## DATA SUPPLIED
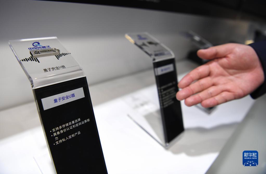 5月17日,參展人員在“信息化助力中國式現代化發(fā)展成果展”上介紹量子安全U盾產(chǎn)品。
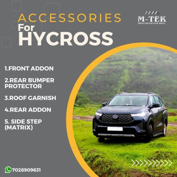 The Toyota Hycross Body Kit is a premium accessory package designed to enhance the SUV’s sporty and dynamic appearance. Typically including components such as a redesigned front bumper, rear bumper extensions, side skirts, and a rear spoiler, the body kit gives the Hycross a more aggressive and aerodynamic profile. Made from high-quality, durable materials, it ensures a perfect fit and integrates seamlessly with the vehicle’s design.
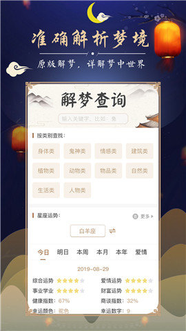 周公解梦大全查询免费版是一款免费周公解梦大全查询系统。它在原版周公解梦的基础上,给予以深度的解梦分析,限免梦的深层含义,打造专业的周公解梦,翻译了*权威的原版周公解梦资料,拥有*全面的现代周公解梦限免大全查询数据,供广大网友进行解梦查询。
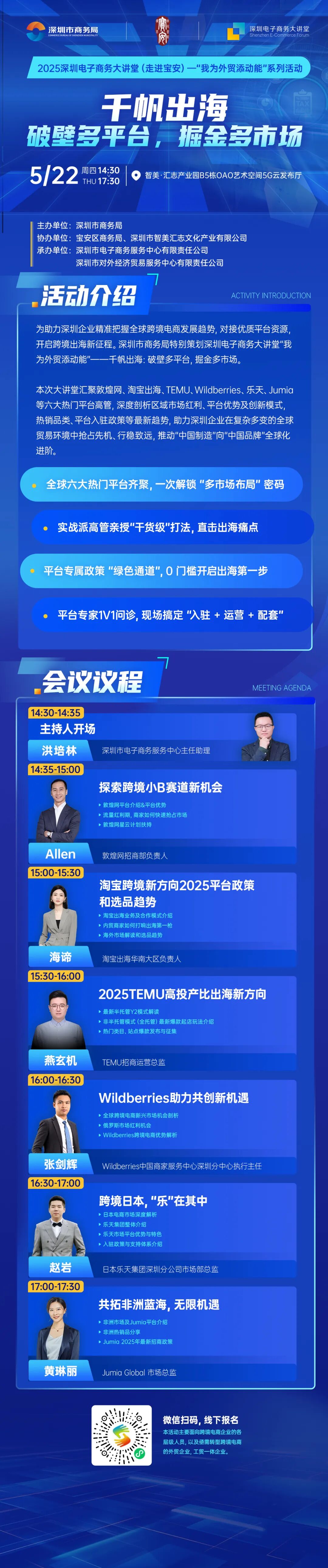 本次大讲堂汇聚敦煌网、淘宝出海、TEMU、Wildberries、乐天、Jumia 等六大热门平台高管,深度剖析区域市场红利、平台优势及创新模式,热销品类、平台入驻政策等最新趋势,助力深圳企业在复杂多变的全球贸易环境中抢占先机、行稳致远,推动“中国制造”向“中国品牌”全球化进阶。
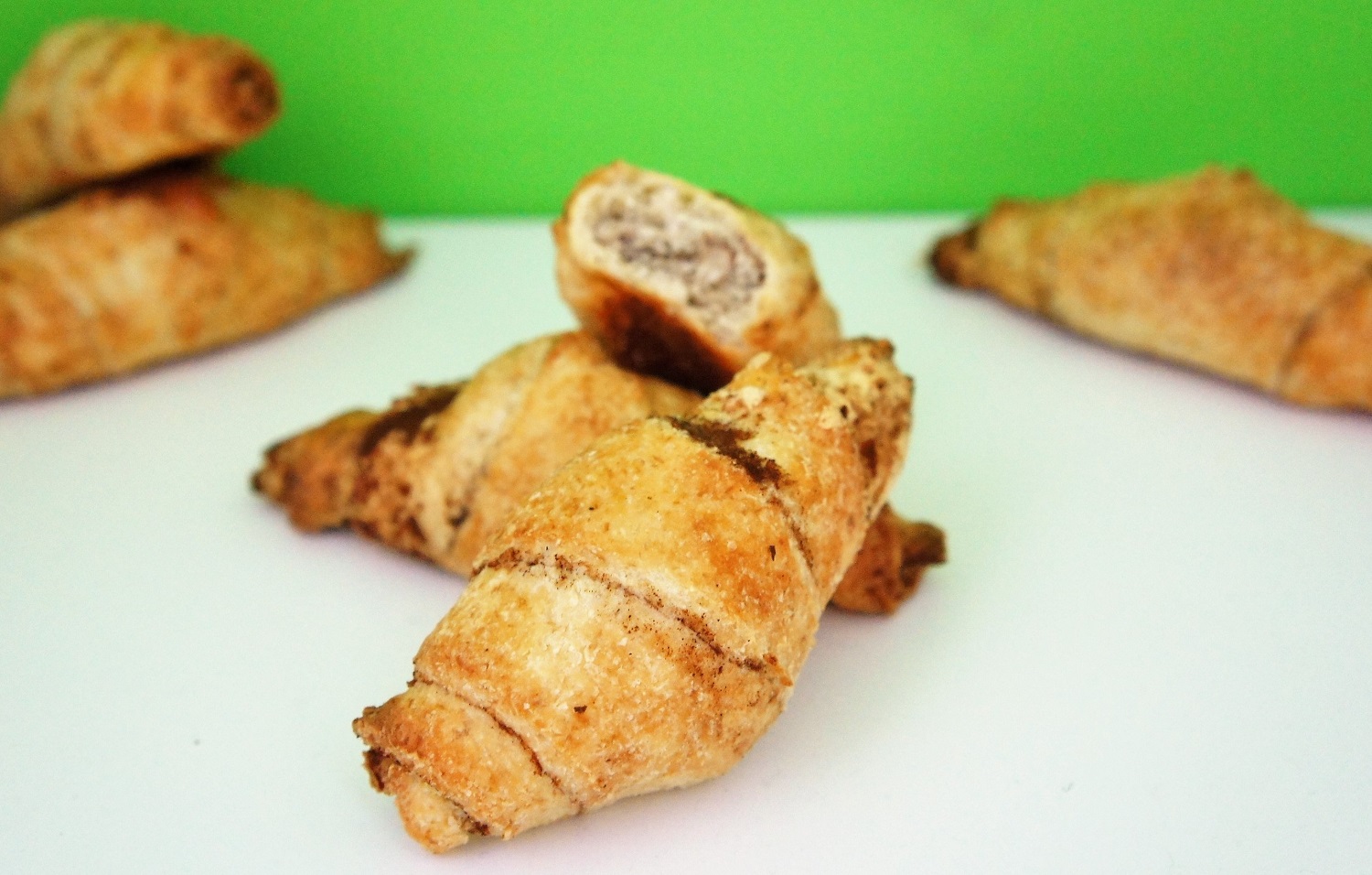 7. Těsto potřeme náplní a začneme zabalovat jednotlivé trojúhelníky od nejširší části po špičku.
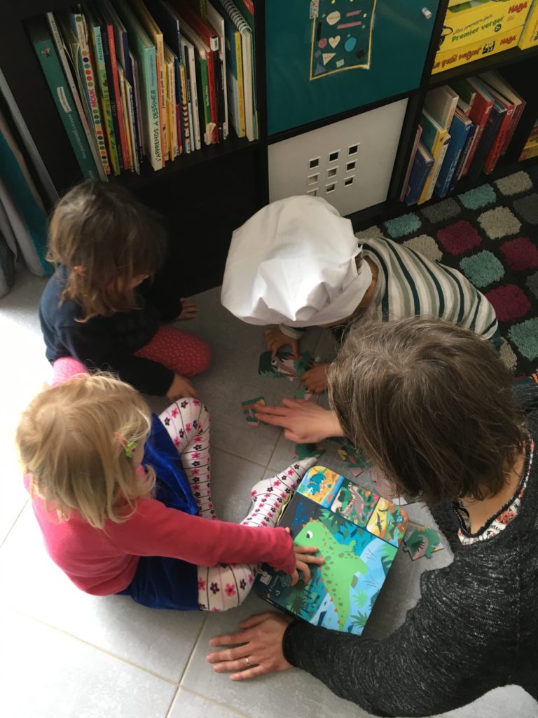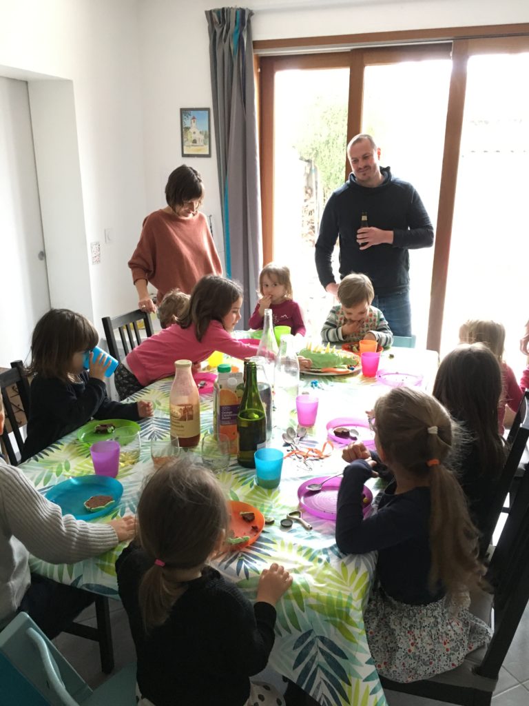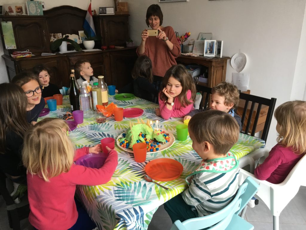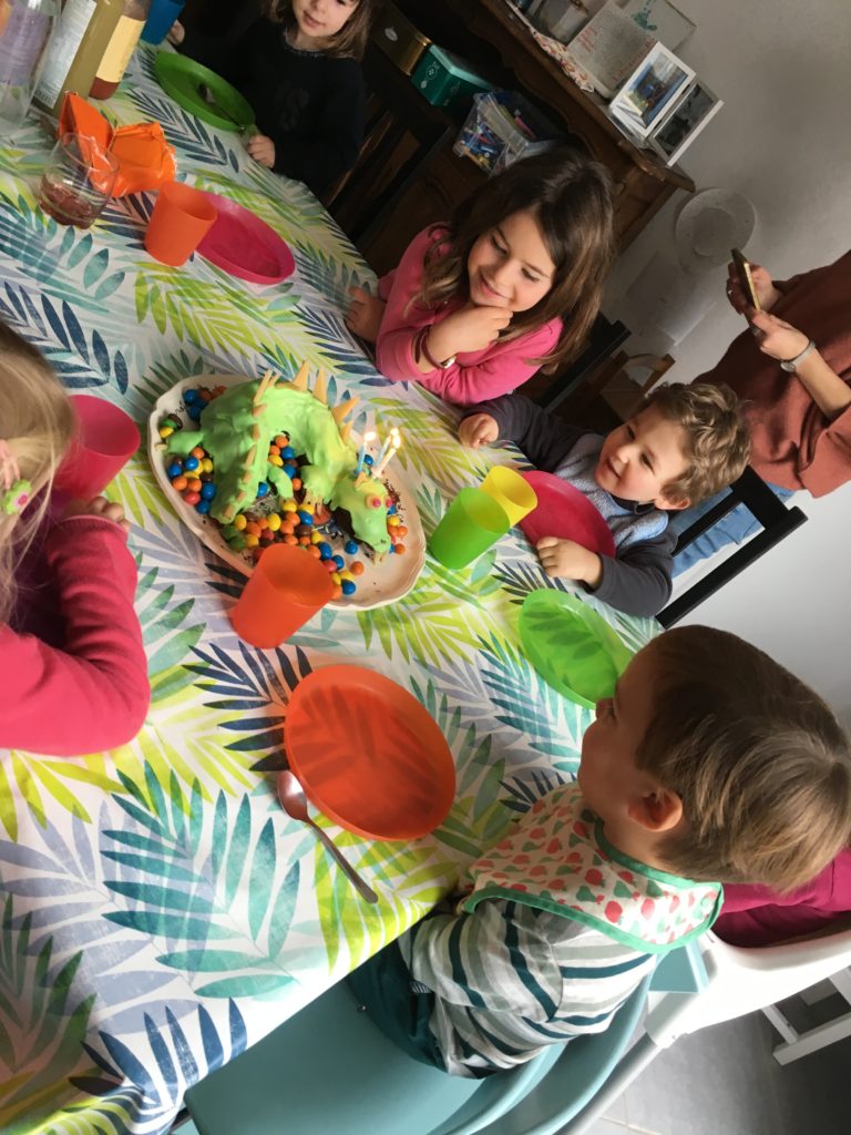 Émile était en fait très rétissant, il m’a même dit “Non merci maman” quelques jours avant quand je lui ai rappelé la fête à venir. Mais au final il était content de voir ses copains, ravi du gâteau que son papa lui avait confectionné, et il a été bien gâté !

## REQUIREMENT
From the opening line of the entries, copy each line exactly until the line with "The Toyota Hycross", which is copied as well; leave out pictures.

## RESULT FOR THIS TASK
 5月17日,參展人員在“信息化助力中國式現代化發(fā)展成果展”上介紹量子安全U盾產(chǎn)品。
 The Toyota Hycross Body Kit is a premium accessory package designed to enhance the SUV’s sporty and dynamic appearance. Typically including components such as a redesigned front bumper, rear bumper extensions, side skirts, and a rear spoiler, the body kit gives the Hycross a more aggressive and aerodynamic profile. Made from high-quality, durable materials, it ensures a perfect fit and integrates seamlessly with the vehicle’s design.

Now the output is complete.